可以简化此随机数生成器逻辑吗? [英] Can this random number generator logic be simplified?

问题描述

我正在学习F#，想知道以下生成随机数的逻辑是否可以接受.

I am learning F# and would like to know if the following logic to generate random numbers is acceptable.

这可以更容易维护的方式编写吗?这段代码安全吗?

Could this be written in a more maintainable fashion? Is this code safe?
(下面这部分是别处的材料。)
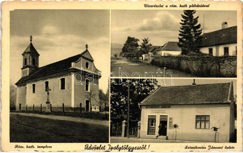 Leírás: Ipolytölgyes, utca, Római katolikus templom és plébánia, Sztankovics Jánosné üzlete
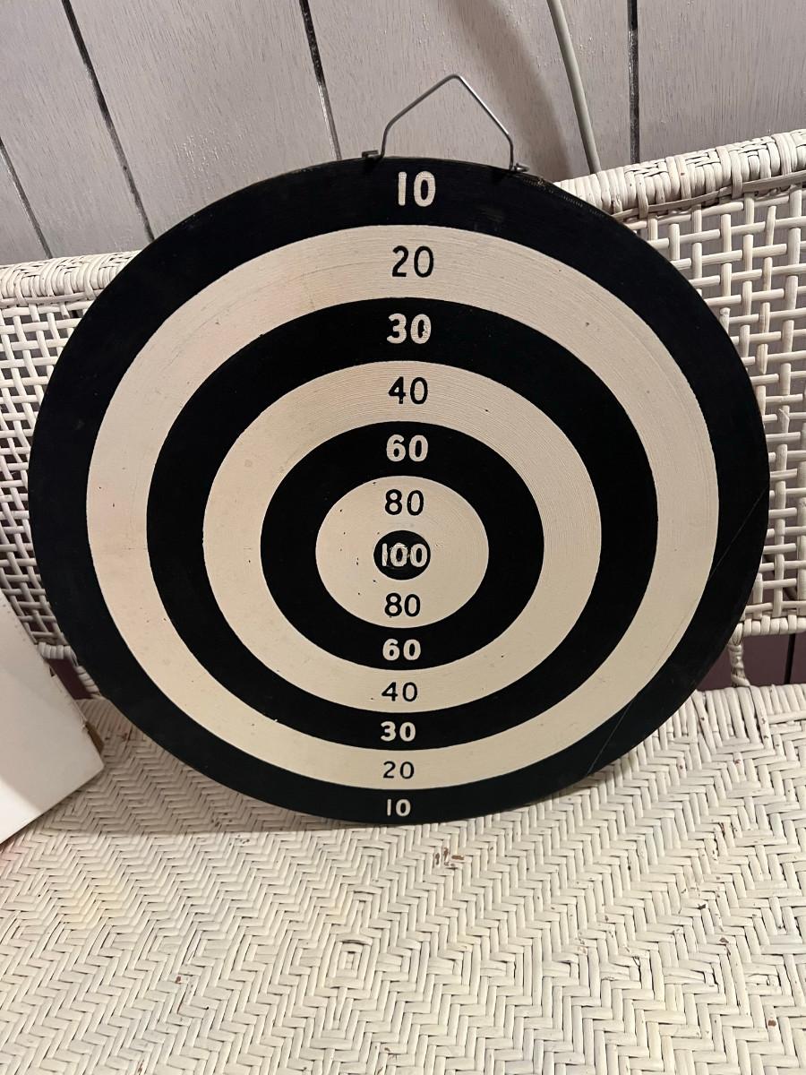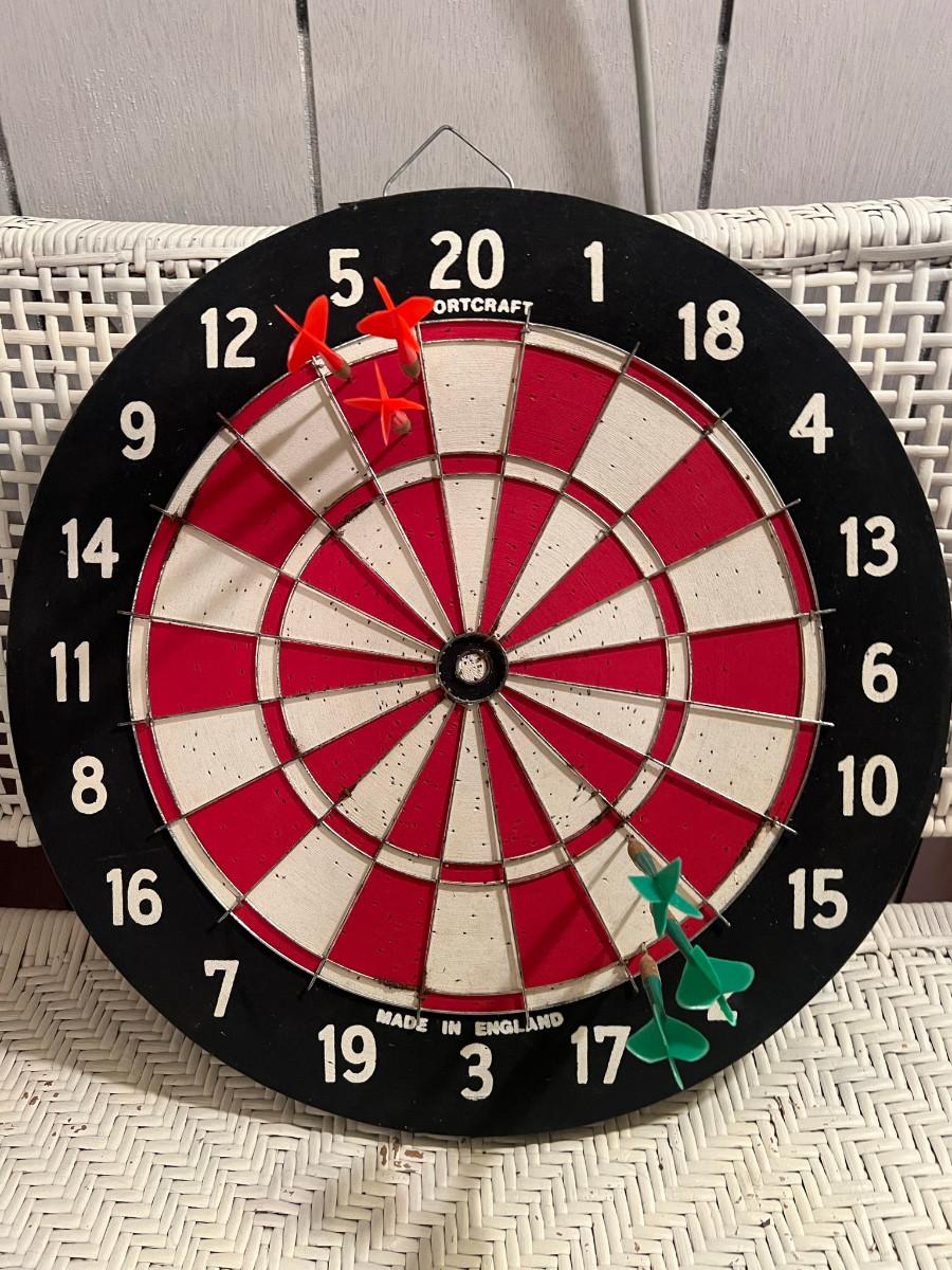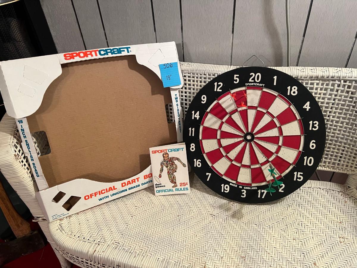 Dartboard Sportcraft 18" English board with 3 red and 3 green darts bit of rust around the edge

let hashset = System.Collections.Generic.HashSet<int>()
let mutable continueLooping = true

while (continueLooping) do 
   let value = System.Random().Next(0, 12)
   let success = hashset.Add(value)
   continueLooping <- hashset.Count <> 12

更新

let hashset = System.Collections.Generic.HashSet<int>()
let randomGenerator = System.Random()
let mutable continueLooping = true
let expectedLength = 12

while (continueLooping) do 
   let value = randomGenerator.Next(0, expectedLength)
   let success = hashset.Add(value)
   continueLooping <- hashset.Count <> expectedLength

推荐答案

您可以定义一个辅助函数来执行Fisher-Yates随机播放.这种随机播放功能通常非常有用，因为它可以在任何 seq<'a> 上运行，因此您有很多机会可以重用它.

You could define a helper function to perform a Fisher-Yates shuffle. This shuffle function is pretty generally useful since it will work on any seq<'a> so you have plenty of opportunities to reuse it.

// shuffle a sequence into random order
let shuffle xs =
    // swap two elements in the supplied array
    let swap i j (array : _[]) =
        let tmp = array.[i]
        array.[i] <- array.[j]
        array.[j] <- tmp
    let rnd = System.Random()
    let xArray = Seq.toArray xs
    let n = Array.length xArray
    for i in [0..(n-2)] do
        let j = rnd.Next(i, n-1)
        swap i j xArray
    xArray |> Seq.ofArray

然后只需将其应用于列表或使用

Then just apply it to a list or something using

let shuffledList = [0..11] |> shuffle |> Seq.toList

这篇关于可以简化此随机数生成器逻辑吗?的文章就介绍到这了，希望我们推荐的答案对大家有所帮助，也希望大家多多支持IT屋！